Spears led the teen pop pack of Christina Aguilera, Jessica Simpson and Mandy Moore, who were all seen as "pop princesses" gaining chart success in 1999. These four performers had each been developing material in 1998, but Spears changed the market in late 1998 with "...Baby One More Time", opening the door for the others. Rolling Stone wrote that Spears "spearheaded the rise of post-millennial teen pop ... Spears early on cultivated a mixture of innocence and experience that generated lots of cash". Decades later, the designation "Princess of Pop" is often applied to Spears alone.

Critical evaluation has placed Spears among the prominent figures in pop music history.

===Honorifics===

Billboard ranked Spears eighth overall as one of the greatest artists of the 2000s decade, and the fifth female overall.
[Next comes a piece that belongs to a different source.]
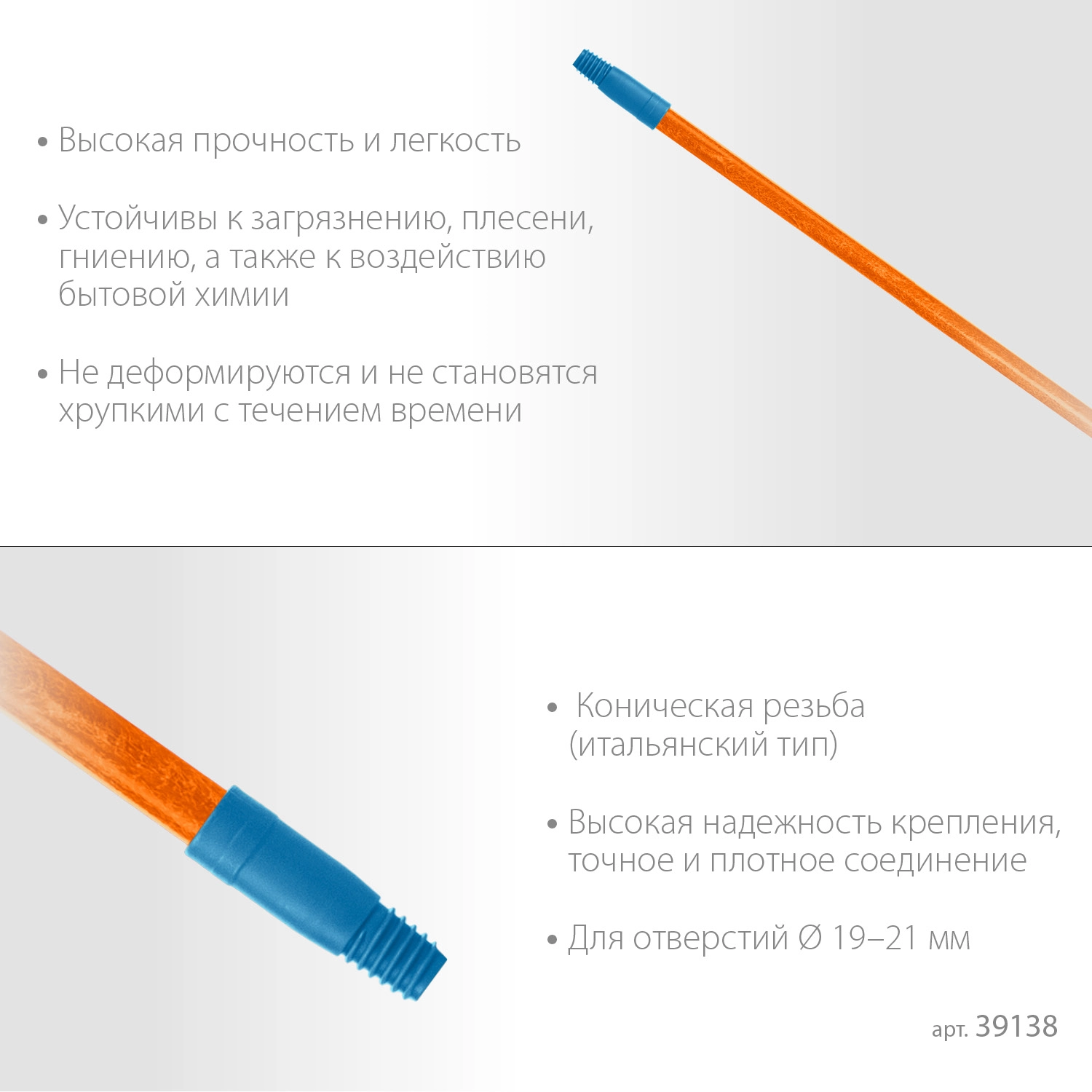 Черенок с чрезвычайно лёгким весом для для максимального комфорта в работе. Обладает высокой прочностью, очень долговечен. Используется в качестве ручки для щёток.

She was ranked 58th on the list of the Greatest Artists of All Time.

In 2016, Spears was honored with the Billboard Millennium Award, which periodically recognize singers of great impact and influence in the music industry. She is one of the three artists to receive this achievement (alongside Beyoncé and Whitney Houston) and, as of 2024, the last person to receive this recognition.

In 2018, Spears was honored the GLAAD Vanguard Award by the GLAAD Media Awards for fair, accurate, and inclusive representations of LGBTQ people and issues.

==Commercial success==
===Billboard achievements===
Spears has set numerous Billboard achievements, being named the top female artist of 1999 by the magazine. Billboard ranked her the 8th overall Artist of the Decade, and also recognized her as the best-selling female album artist of the 21st century's first decade, as well as the 5th overall. By the end of the 2000s decade, Billboard ranked Spears second on the Billboard 200 Artists Decade End Chart, behind Eminem, and 36th on the Billboard Hot 100 Artists Decade End. Billboard placed Spears 8th on 'The 100 Greatest Music Video Artists of All Time' and 6th on the 'Greatest Pop Stars of the 21st Century'. Billboard placed Spears as the ‘Greatest Pop Star By Year: 1981-2023’ for 1999.

Spears was also ranked 20th on the Greatest of All Time Top Dance Club Artists. In 2009, she was recognized as the 10th best-selling solo artist on Billboard. In 2011, Spears became the second artist in history to debut at number one with two or more songs on the Billboard Hot 100, ("3" and "Hold It Against Me").

Spears became the first new female artist to have a number-one single and number-one album on the Billboard 200 at the same time; and the first new artist (male or female) to have a single go to the number-one spot the same week that the album debuted at number-one. Spears is also the youngest female in Billboard's history to have a simultaneous single and album at number one in the same week, and became the fifth artist under the age of 18 to top the Billboard 200.

===RIAA achievements===
Additionally, the Recording Industry Association of America (RIAA) recognized Spears as the ninth best-selling female artist in the United States. Spears serves as one of the few artists in history to have a number-one single and studio album in each of the three decades of their career—1990s, 2000s, and 2010s.

Spears is one of the best-selling music artists of all time, selling over 150 million records worldwide.

In 2024, Spears became one of the few artists to have a platinum single in four consecutive decades.

Spears also became the 12th artist to have top-ten entries in four decades (1990s, 2000s, 2010s, and 2020s).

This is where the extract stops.